The Empire State was once a manufacturing powerhouse. Those days faded long ago, stranding large swaths real estate, particularly upstate, and leaving behind the aging artifacts of industrial infrastructure.
In the past several years, Empire State Development and other state agencies have funded a variety of projects that are revitalizing and repurposing the infrastructure of the prior industrial age for the requirements of a post-industrial, digital age.
One of the biggest developments, at least in terms of price tags, is the recently announced $4-billion plan to redevelop LaGuardia Airport.
The airport, wedged between the northern end of the East River and the dense urban landscape of New York City’s borough of Queens, has been much maligned, most recently by Vice President Joe Bidden, who called it a “third world” facility.

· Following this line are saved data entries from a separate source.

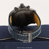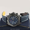 Strap: Fitted on its original Breitling blue calfskin leather strap with a fabric-like texture, contrasting white stitching, Breitlings signature yellow calfskin lining & a black DLC coated push-button deployant buckle. The strap is excellent near-new condition with the vast majority of its wear lifespan remaining. We would rate this strap in 98% overall condition.
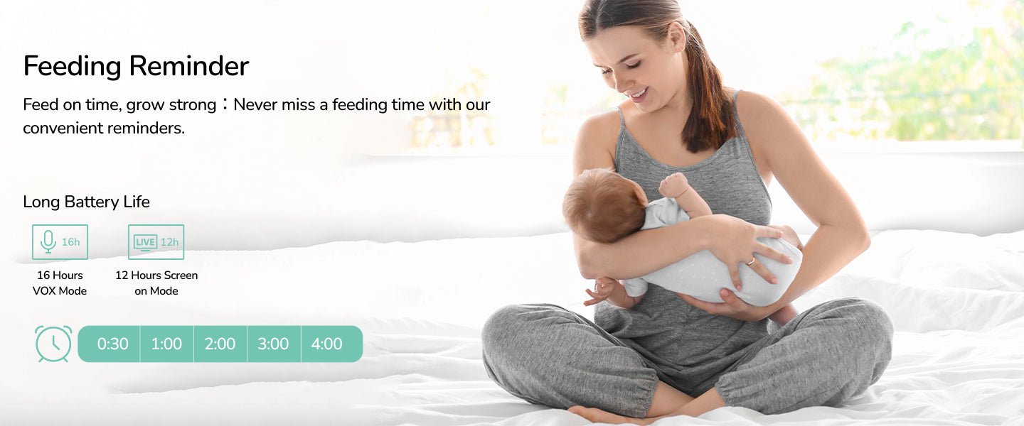 Feeding Reminder :  Customizable feeding reminders ensure your baby’s schedule stays on track.
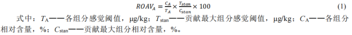 抓飯,市售;Asrree Ⅱ/LS16電子舌、HERACLES Ⅱ電子鼻,氣質(zhì)聯(lián)用儀。 樣品粉碎,稱(chēng)取1g樣品于20g樣品瓶中,迅速用專(zhuān)用瓶蓋壓蓋密封,電子鼻測(cè)定參數(shù):清洗時(shí)間120s,樣品準(zhǔn)備時(shí)間10s,測(cè)定時(shí)間120s,載氣流速150mL/min,每組樣品測(cè)定5次,取最后3次穩(wěn)定數(shù)據(jù)進(jìn)行分析。 稱(chēng)取7.5g樣品定容至120mL,振蕩混勻,常溫振蕩孵育30min,4000r/min離心15min,上清液過(guò)濾后上機(jī)測(cè)定。數(shù)據(jù)采集前,對(duì)電子舌進(jìn)行傳感器活化、校準(zhǔn)等操作,確保檢測(cè)數(shù)據(jù)的可靠性與穩(wěn)定性。將100mL濾液置于電子舌專(zhuān)用容器中,樣品采集與清洗交替進(jìn)行每?jī)蓚€(gè)樣品間放1杯100mL的蒸餾水,清洗10s,樣品采集時(shí)間120s,重復(fù)7次,取后4次試驗(yàn)數(shù)據(jù)。 采用頂空固相微萃取法進(jìn)行樣品處理,稱(chēng)取2g樣品,放入20mL帶有硅膠墊帽的頂空萃取瓶中,立即密封,萃取溫度60℃,平衡15min,頂空吸附45min。250℃解析5min。 利用ROAV定義對(duì)樣品風(fēng)味貢獻(xiàn)最大的揮發(fā)性風(fēng)味物質(zhì),即ROAVmax=100,其它揮發(fā)性成分ROAV按式(1)計(jì)算。
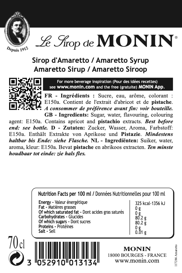 Monin Amaretto heeft de bitterzoete smaak van de populaire likeur en kan gebruikt worden om heerlijke Tiramisu cappuccino en vele andere verleidelijke Italiaanse nagerechten en after-dinner drankjes te maken.
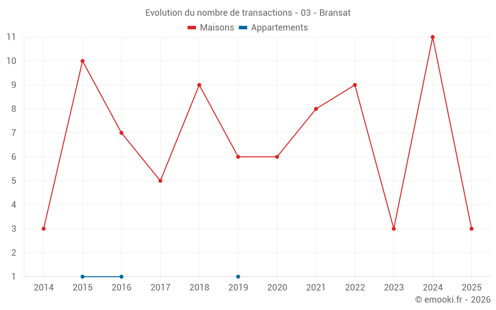 Carte des prix de l'immobilier dans la commune de Bransat, choississez une section pour voir les transactions par parcelle.

Bidden was at the table in July when New York Gov. Andrew Cuomo (D) unveiled the project.
“We are transforming LaGuardia into a globally-renowned, 21st century airport that is worthy of the city and state of New York,” Cuomo said, calling it a metaphor for what “made this the Empire State in the first place.”
The airport is in such poor shape that a two-part plan calls for parts of it to be torn down and rebuilt. The western half of the airport rebuild is being funded by a $4-billion public-private partnership of the Port Authority of New York and New Jersey and LaGuardia Gateway Partners (LGP), with about $2.2-billion coming from private investment through LGP and $1.8-billion coming from the Port Authority.
LGP is a consortium of Vantage Airport Group, a joint venture of Skanska and Walsh Construction, a design joint venture of HOK and Parsons Brinckerhoff, and a global infrastructure investment fund comprising Vantage, Skanska, and Meridiam, which will provide the committed equity investment.
LGP will be responsible for designing, building, financing, operating, and maintaining the new terminal under a 35-year lease.